Sunni Disillusion with Iraqi Election Threatens to Fuel Guerilla War
The decision by the Iraqi Supreme Court to disqualify 90 delegates who were elected to parliament on December 15, most of them Sunni Muslims, because they were once members of the Baath Party, echoes the decision reached in the middle of 2003 by Paul Bremer, the first US administrator for Iraq.
At that time, Bremer, who was new to the job, ruled that all members of Saddam Hussein’s Baath Party and officers and sergeants of his armed forces – especially if they were also members of the Baath Party (had they not been, they would not have been considered for promotions) – would not be eligible for posts in the new regime or the new army to be established.

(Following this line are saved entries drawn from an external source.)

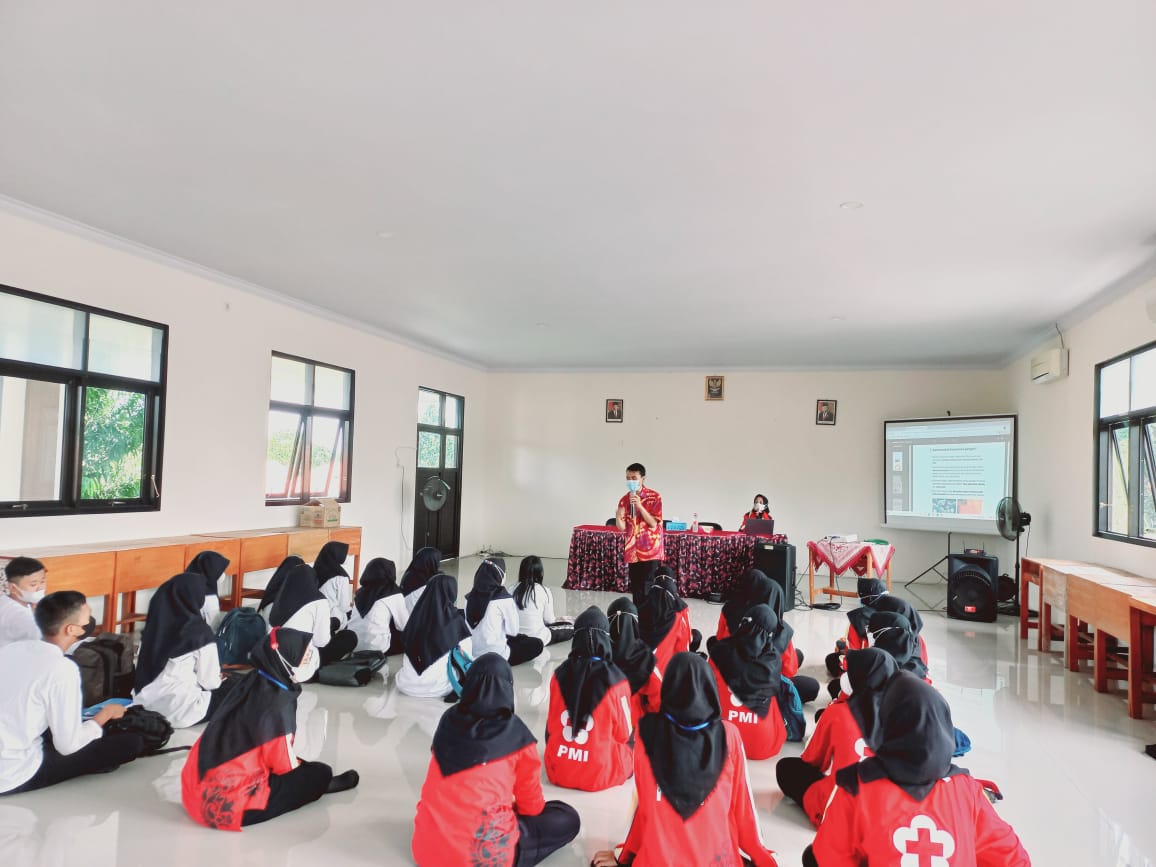 Pihak PMI menyampaikan materi mengenai P3K. Materi yang disampaikan dipadupadankan dengan praktik penanganan P3K pada siswa. Hal ini dirasa akan lebih memberikan gambaran nyata pada anggota PMR dalam memberikan pertolongan pertama pada kecelakaan.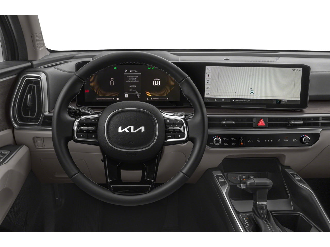 Equipped with AWD, 3rd row seats: split-bench, 4-Wheel Disc Brakes, ABS brakes, Air Conditioning, All Weather Floor Mats, Alloy wheels, AM/FM radio: SiriusXM, Apple CarPlay & Android Auto, Auto High-beam Headlights, Auto-dimming Rear-View mirror, Automatic temperature control, Brake assist, Bumpers: body-color, Delay-off headlights, Driver door bin, Driver vanity mirror, Dual front impact airbags, Dual front side impact airbags, Electronic Stability Control, Emergency communication system: 911 Connect, Exterior Parking Camera Rear, Four wheel independent suspension, Front anti-roll bar, Front Bucket Seats, Front Center Armrest, Front dual zone A/C, Front fog lights, Front reading lights, Fully automatic headlights, Heated door mirrors, Heated Front Bucket Seats, Heated front seats, Illuminated entry, Knee airbag, Leather Shift Knob, Leather steering wheel, Low tire pressure warning, Navigation System, Occupant sensing airbag, Outside temperature display, Overhead airbag, Overhead console, Panic alarm, Passenger door bin, Passenger vanity mirror, Power door mirrors, Power driver seat, Power Liftgate, Power passenger seat, Power steering, Power windows, Radio data system, Radio: AM/FM Standard Sound System, Rear anti-roll bar, Rear reading lights, Rear side impact airbag, Rear window defroster, Rear window wiper, Remote keyless entry, Security system, Speed control, Speed-sensing steering, Split folding rear seat, Spoiler, Steering wheel mounted audio controls, SynTex Artificial Leather Seat Trim, Tachometer, Telescoping steering wheel, Tilt steering wheel, Traction control, Trip computer, Turn signal indicator mirrors, and Variably intermittent wipers. Must Finance with Kia Finance America to be eligible for KFA Bonus Cash. Offer not stackable with other offers from Kia.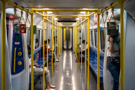 Singapore City, Singapore - September 08, 2019: Passengers in a Mass Rapid Transit (MRT) subway train in Singapore.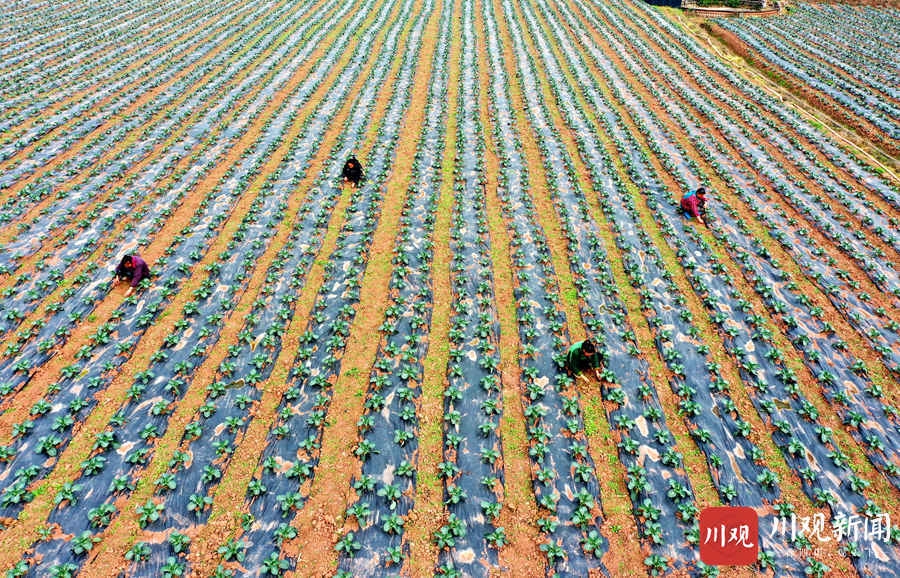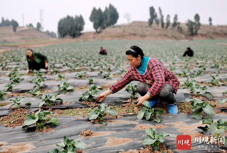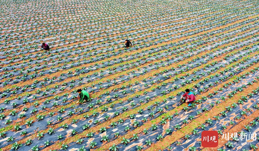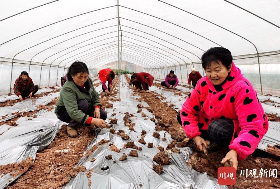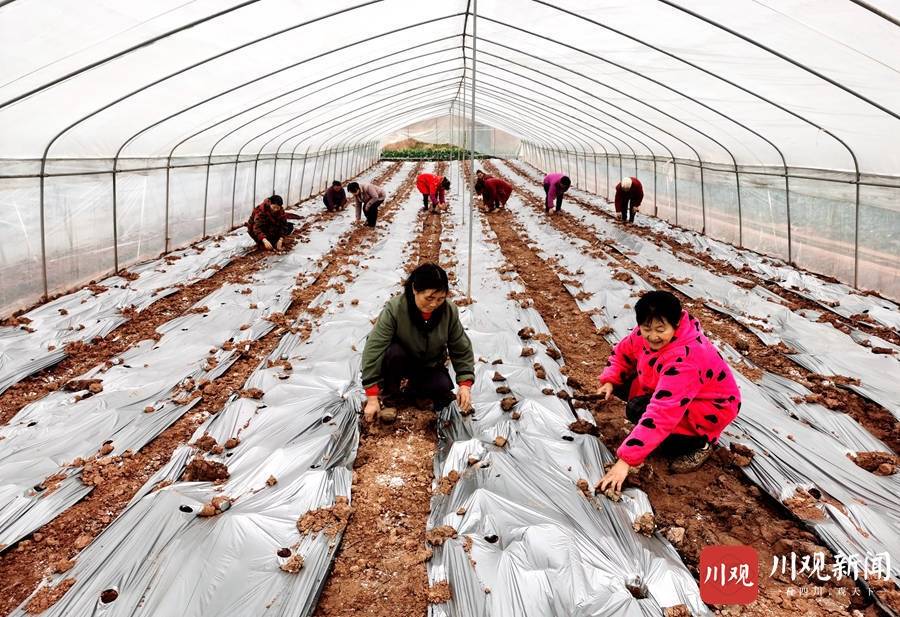 仁寿县现代农业产业园区,村民们正在进行地膜覆盖育种。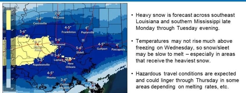 Slidell is currently under a Winter Storm Warning, and we are anticipating significant impacts from this weather event. The forecast predicts 4 to 8 inches of snow on Tuesday, with temperatures dropping below freezing every night this week.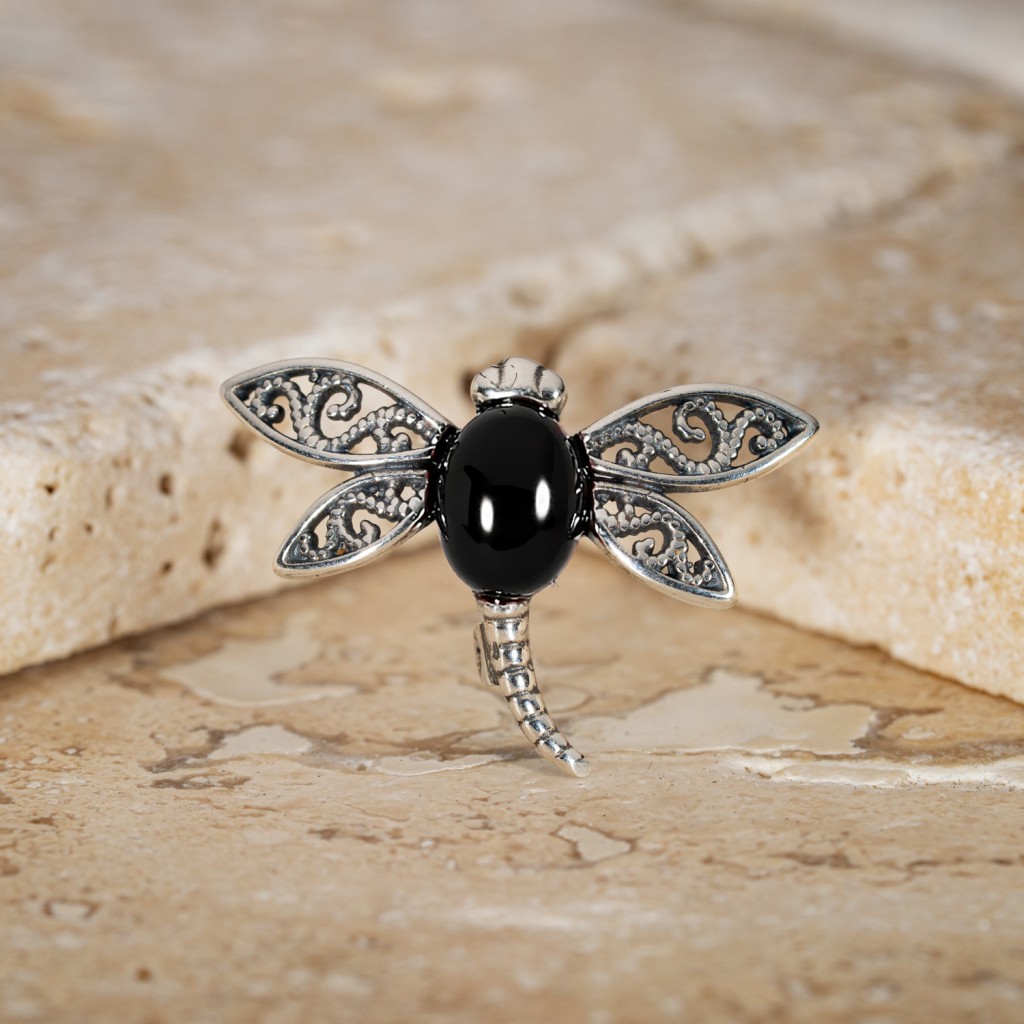 Sidabrinė sagė su oniksu "Laumžirgis"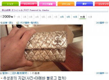 이 블로그에는 그의 지갑 사진이 함께 공개됐다. 금색 장지갑인 문제의 지갑은 사진 상에서는 다소 여성용 지갑처럼 보이지만, 추성훈은 이 지갑의 크기가 여성용이라고 보기에는 조금 크다고 설명했다.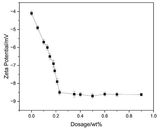 The zeta-potential of cement particles in the presence of polycarboxylate superplasticizers reflects their surface charge status; a more negative zeta-potential indicates stronger electrostatic repulsion between particles, helping prevent aggregation and improve dispersion. To study the influence of RAF-PCE on cementitious systems, the zeta-potential of cement paste with various water reducer dosages was measured. Here, the surface charge property of the cement particle is highly dependent on the anionic groups of the modified water reducer. As indicated in Figure 7, the zeta-potential decreases with the increase in RAF-PCE content when the dosages of superplasticizer are less than 0.2%. This was caused by the adsorption of negative ionization groups on the surface of the cement particle. Once the relevant dosages exceed 0.2%, the surface of cement particles is saturated by superplasticizer; hence, the relevant zeta-potential reaches the plateau region (~8.5 mV), implying the superior adsorption ability of superplasticizer and excellent flowability of cement slurry [32,33].
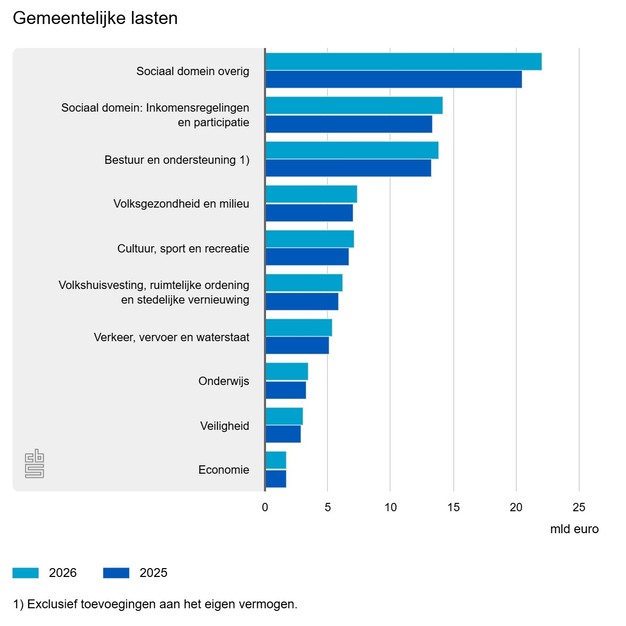 Nederlandse gemeenten hebben dit jaar 84,6 miljard euro aan lasten begroot voor 2026. Dat is 5,8 procent meer dan in de begrotingen voor 2025. Deze toename is kleiner dan in de drie jaren daarvoor. Dit meldt het Centraal Bureau voor de Statistiek (CBS) op basis van de gemeentebegrotingen van 2026.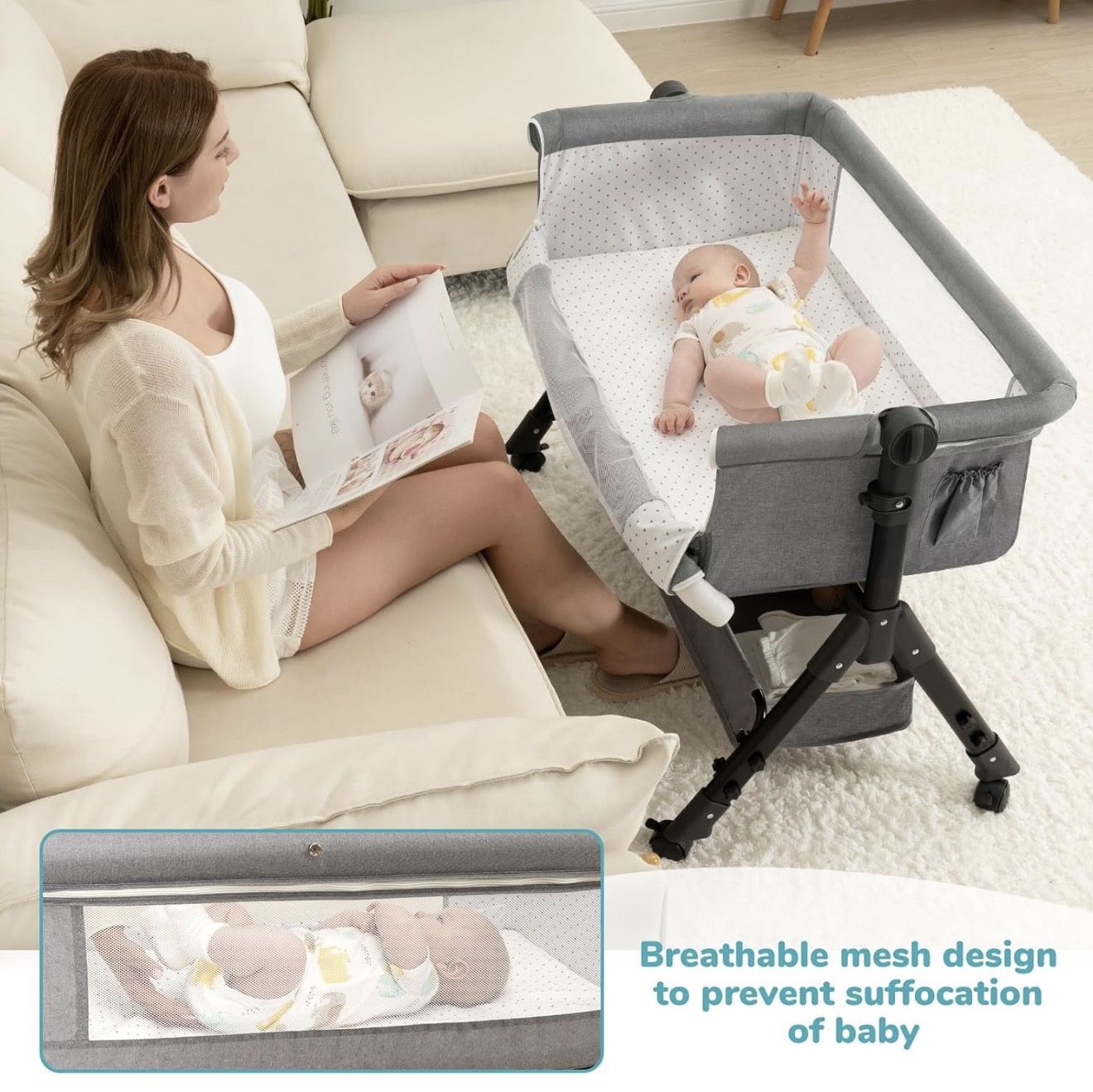 Baby Bedside Crib, Adjustable Bassinet with Wheels, Storage Basket, Mattress, Easy to Assemble and Foldable, Portable Baby Crib (Gray) It is sold at $70. If you are not going to buy, do not write to reduce the price. It is new, unopened, in its box. Se vende en $70 si no va a comprar no escriba para rebajar precio esta nuevo sin abrir en su caja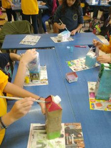 Πώς μπορούμε να αποφύγουμε μεγάλο μέρος των σκουπιδιών; Χρησιμοποιώντας ξανά διάφορα υλικά με διαφορετικό τρόπο. Και επειδή η θεωρία δεν αρκεί, οι μαθητές έκαναν πράξη όσα έμαθαν και μπαίνοντας στο κλίμα των γιορτών, έφτιαξαν χριστουγεννιάτικα στολίδια-κάλτσες χρησιμοποιώντας κουτιά δημητριακών, παλιά χαρτόνια και άλλα παρόμοια υλικά.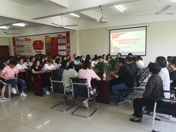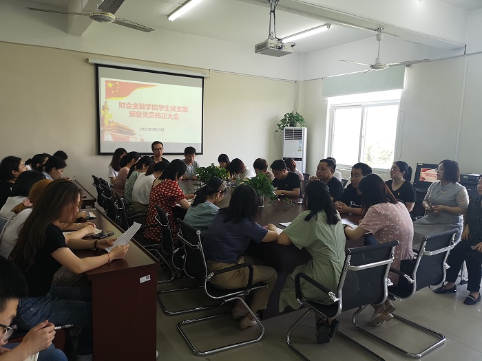 会上,李健介绍了15名预备党员在预备期的基本情况,随后,预备党员们就思想、学习、工作、生活等方面向党组织做了汇报并宣读了转正申请,表示今后会更加严格要求自己,不断充实完善自我、提高理论水平,在新时代下做敢担当、勇担当、真担当的优秀党员。与会党员经过充分评议投票,一致同意15名预备党员按期转正为中共正式党员。财会金融学院党总支书记胡宏萱向按期转正的15名预备党员表示祝贺,并提出殷切希望,要时刻牢记党员身份,永葆入党初心,加强政治理论学习,不断提升党性修养;要始终以党员标准严格要求自己,充分发挥党员先锋模范带头作用,以实际行动践行全心全意为人民服务的宗旨;要持续加强“四史”学习,要在真学真信中坚定理想信念,在学思践悟中践行初心使命。(供稿:沈丽萍  审稿:李健)

Bremer’s ruling was considered the second worst mistake the Bush administration made in Iraq, next to defense secretary Donald Rumsfeld’s decision – contrary to the view of most US military experts – that 150,000 troops would be sufficient to dismantle Saddam’s regime and bring Iraq under control.
This ruling condemned many thousands of former Iraqi officers and soldiers to choosing between a life of poverty and deprivation for themselves and their families and their only alternative: to join the Sunni Muslim guerilla war – with the guarantee of a monthly paycheck equal to their wages from Saddam’s regime.
Most of them chose the latter, giving the leaders of the guerilla war against the Americans an infusion of professional and experienced manpower.
The Iraqi parliament has 275 deputies. The disqualification of 90 elected members – most of them Sunnis and secular – even before the votes were counted and the results made public – will have two immediate consequences: approximately 30 percent of the democratically elected parliament will be prevented from taking their seats, leading the Sunnis to total disenchantment with the democratic election process. They will seize on this setback as further proof that whatever they do, including massive participation in the elections, they will never be admitted to a position of influence within the Shite-Kurdish regime in Baghdad.
Therefore, they will reason, the only avenue left open to them is to continue their guerilla war against the Americans and the Iraqi regime.
In recent days, this inclination has gained favor among the Sunnis. They are increasingly suspicious that the general election was rigged with the help of Iranian intelligence agents to boost the Shiite share of the vote beyond its close to 60 percent of the population.
Another effect could be closer cooperation between radical Sunnis and Abu Musab al Zarqawi’s al Qaida in Iraq, which has maintained all along that Sunni participation in the new political process is a delusion that will only lead to more repression.
On December 25, the bullet-ridden body of a young Sunni Muslim, Qusay Salahaddin, was found in Mosul. As the head of the local student union, he led last week’s demonstrations against the alleged voter fraud in the parliamentary elections. When he was abducted on December 22, he managed to reach his cell phone and shout to his friends that he was in the hands of the peshmerga, the Kurdish militia, and they were going to kill him for his impudence in raising charges of voter fraud.
The New York Times, in its lead editorial December 27, advised the Sunnis to reconcile themselves to their limited influence in parliament since they represented no more than 20 percent of the population. Most Sunnis do not read The New York Times, but they can count: the Kurds, who represent no more than 18 percent of the population, scored much better than they; their candidates were not disqualified and no one kidnapped and killed Kurds who complained about forged ballots.
One exception is the Kurdish Bahram Salah, a former Iraqi deputy prime minister and chief election strategist for Iyyad Alawi’s secular alliance. He is speaking openly of rigged election results.
The talk coming out of Washington these days is resigned: we will we have to reconcile ourselves to a kind of “sectarian democracy” prevailing in Iraq in the next few years, official sources are saying. In practical terms, this assessment reduces the prospects of an early US military withdrawal from Iraq amid a corresponding expectation of a heightened Sunni insurgency.